America’s only heavy icebreaker- the Coast Guard’s Polar Star- is making its way north through the icy waters of the arctic- yet as they progress along their journey, crew members report hearing strange noises keeping them up at night.
According to a press release from the Coast Guard, as the Polar Star pushed northwards through a heavy blanket of sea ice, crewmembers began to discuss a “persistently clamorous sound.”
Ice striking the hull of a ship is often loud, but the shrieking produced by the northern sea ice is of an entirely different breed. Sailors have described the sound as “a perpetual car-crash, a blaring elephant, freight train, or driving through concrete.”

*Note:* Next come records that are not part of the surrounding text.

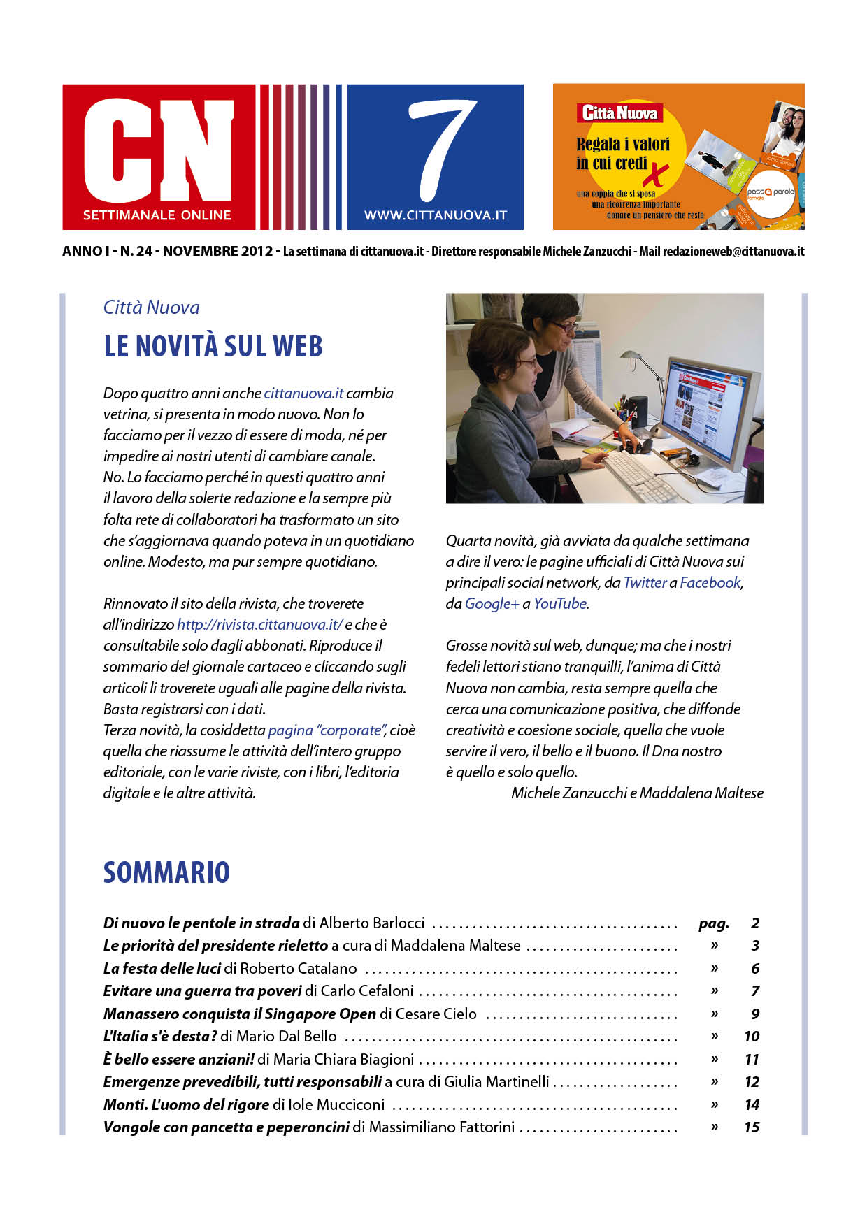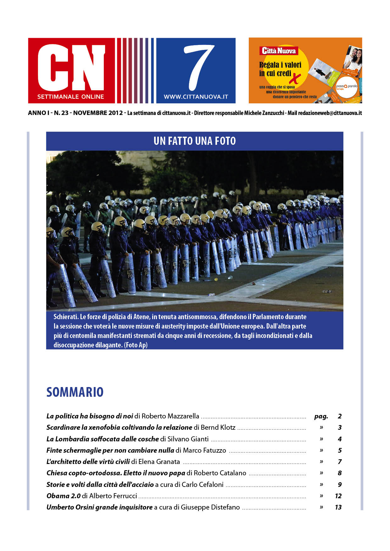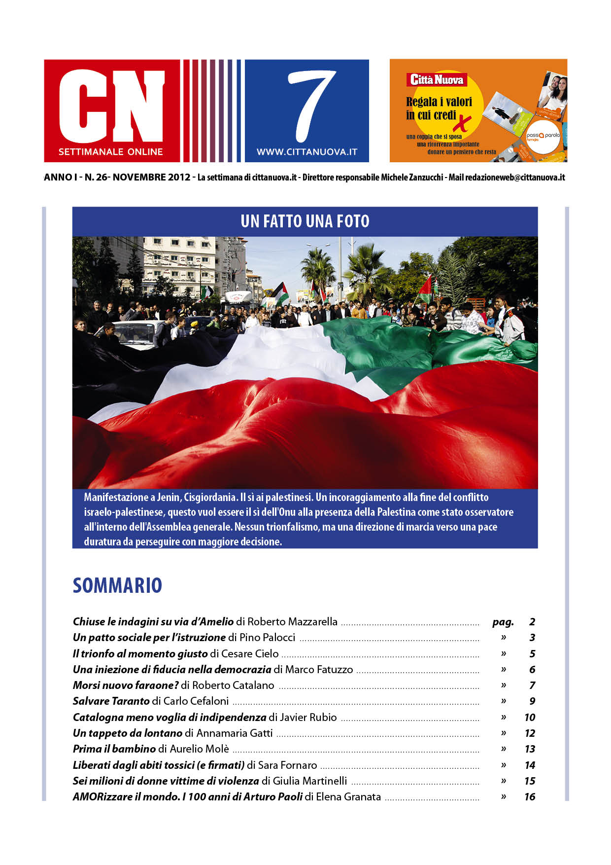 Società CN7 – 23 novembre di Redazioneweb Un numero denso di avvenimenti internazionali: la Striscia di Gaza, Obama in Myanmar con …
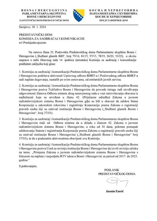 "Iako sam svjestan da nismo uradili ništa novo što može pomoći aktuelnoj negativnoj financijskoj situaciji BHRT-a i vrlo složenom stanju koje je nastalo zbog dugogodišnje političke opstrukcije i neprovođenja Zakona o javnom radiotelevizijskom sistemu Bosne i Hercegovine (Zakon) smatram da moramo identificirati politike i njihove predstavnike, članove Odbora JRTS-a BiH (Odbor sistema), koji spriječavaju provođenje Zakona neodgovornim i nesavjesnim radom", naveo je Emrić.
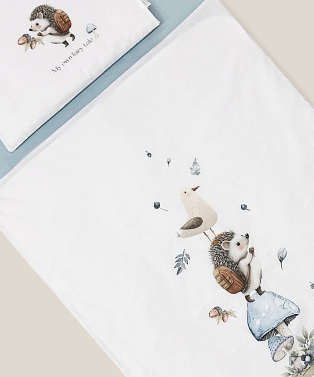 Motiv ježa u nežnim tonovima unosi toplinu u bebinu sobu, dok prirodni materijali osiguravaju mekoću i prozračnost potrebnu za miran san. Set je praktičan za svakodnevnu upotrebu i jednostavan za održavanje.
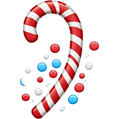 Broken Candy Cane: Cane snapped in half with sugar pieces falling. emoji
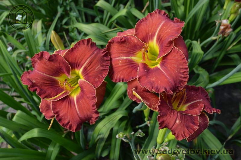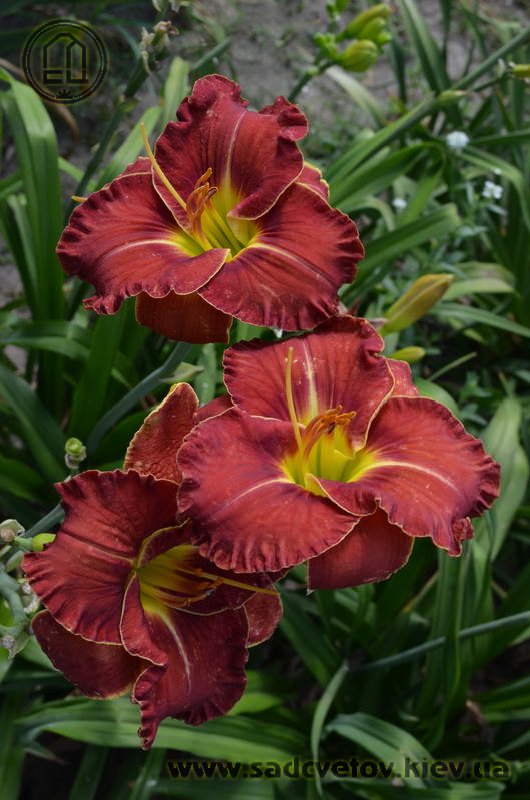 Гофрований оксамитовий вишнево-червоний з тонкою жовтою окантовкою, вишневим оком розсіченим білими осьовими променями і зелено-жовтим горлом.
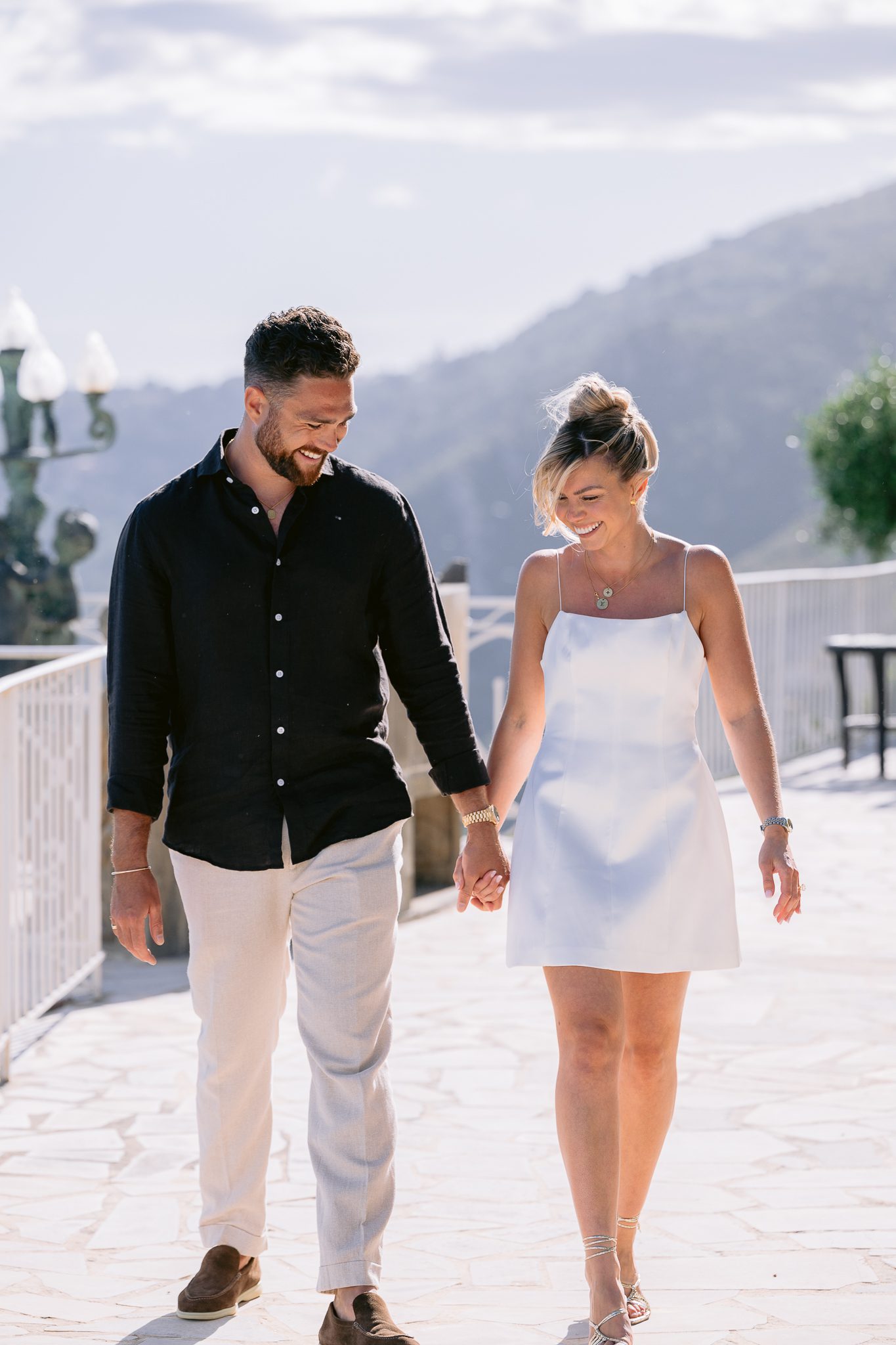 But what's particularly interesting here is that the session can then continue in other parts of the venue. Once the request has been made, you can enjoy other perspectives, other lines, other atmospheres. The railing facing the sea, the walkways, the stairs, the more planted corners, the small architectural features of the site - all of this makes for a much richer engagement photo session than a simple series of portraits in the same place.
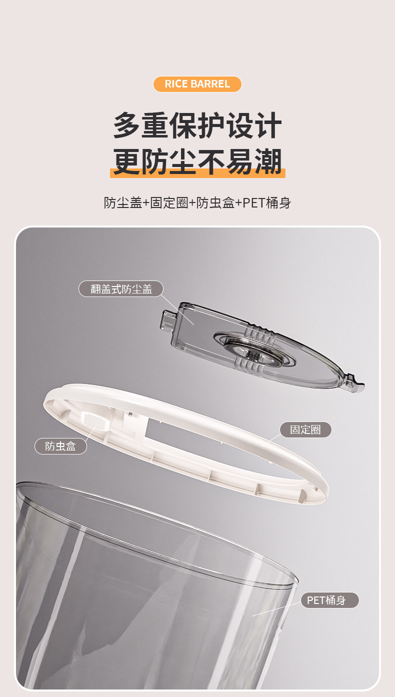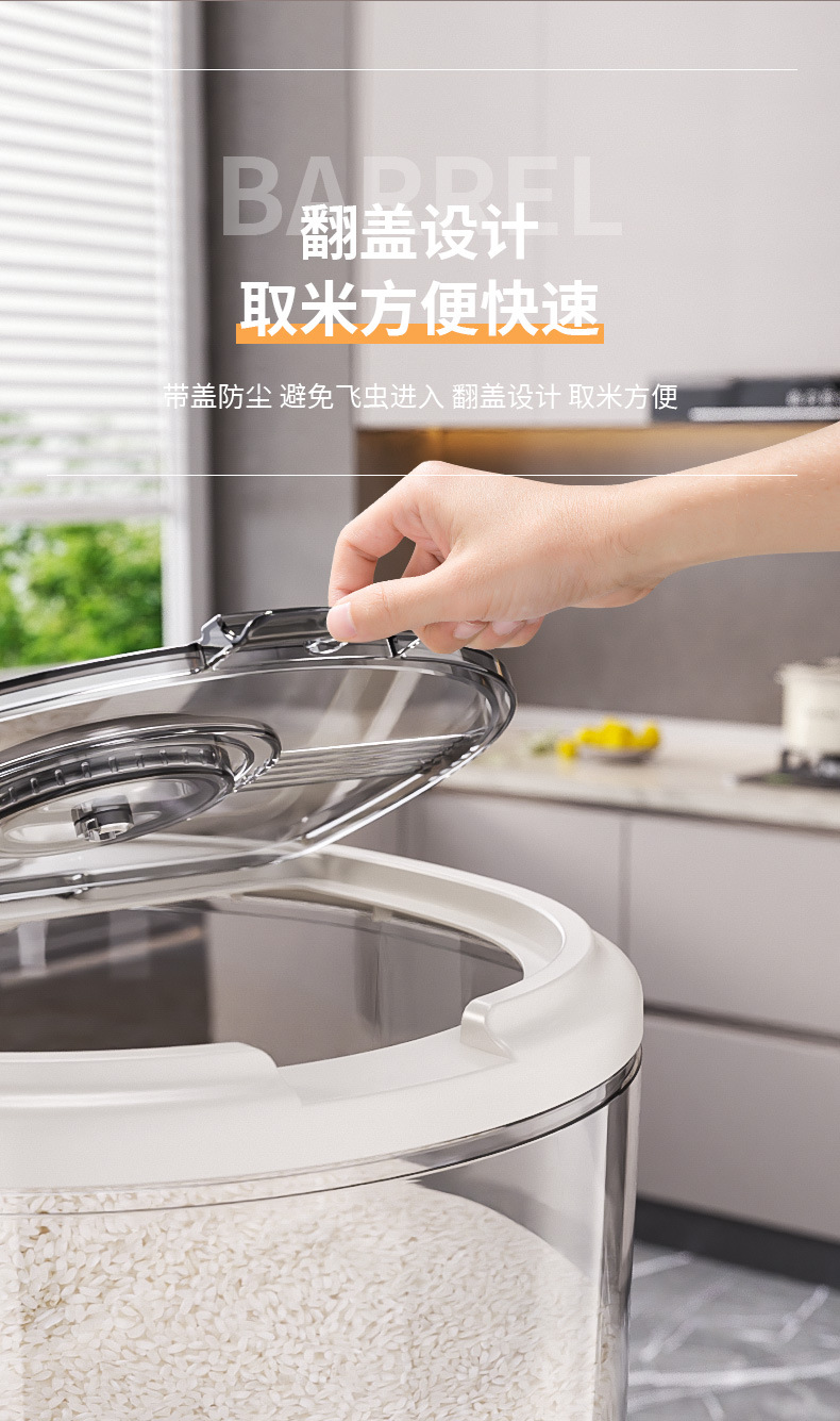 가벼운 고급 쌀통, 가정용 방충 및 방습 대용량 쌀통, 곡물 저장통, 밀가루 저장통

It wasn’t immediately clear what made the northern ice so much louder than its polar counterpart, but a scientist aboard the Polar Star thinks he knows the answer. Evan Neuwirth, an ice analyst from the US National Ice Center, believes that the temperature of the ice may be the contributing factor.
Winter sea ice is colder than the summer ice that the Polar Star usually encounters on its typical deployments to the South Pole. That makes it more dense and more brittle than other ice. Thus, the energy the Polar Star uses to break the ice is greater, producing an ear-piercing noise. In Neuwirth’s words, the difference is like throwing a snowball at the ship’s hull compared to a chunk of ice.
As the Polar Star continues its voyage, the crew will continue to experience the remote serenity of the arctic- but none of its silence.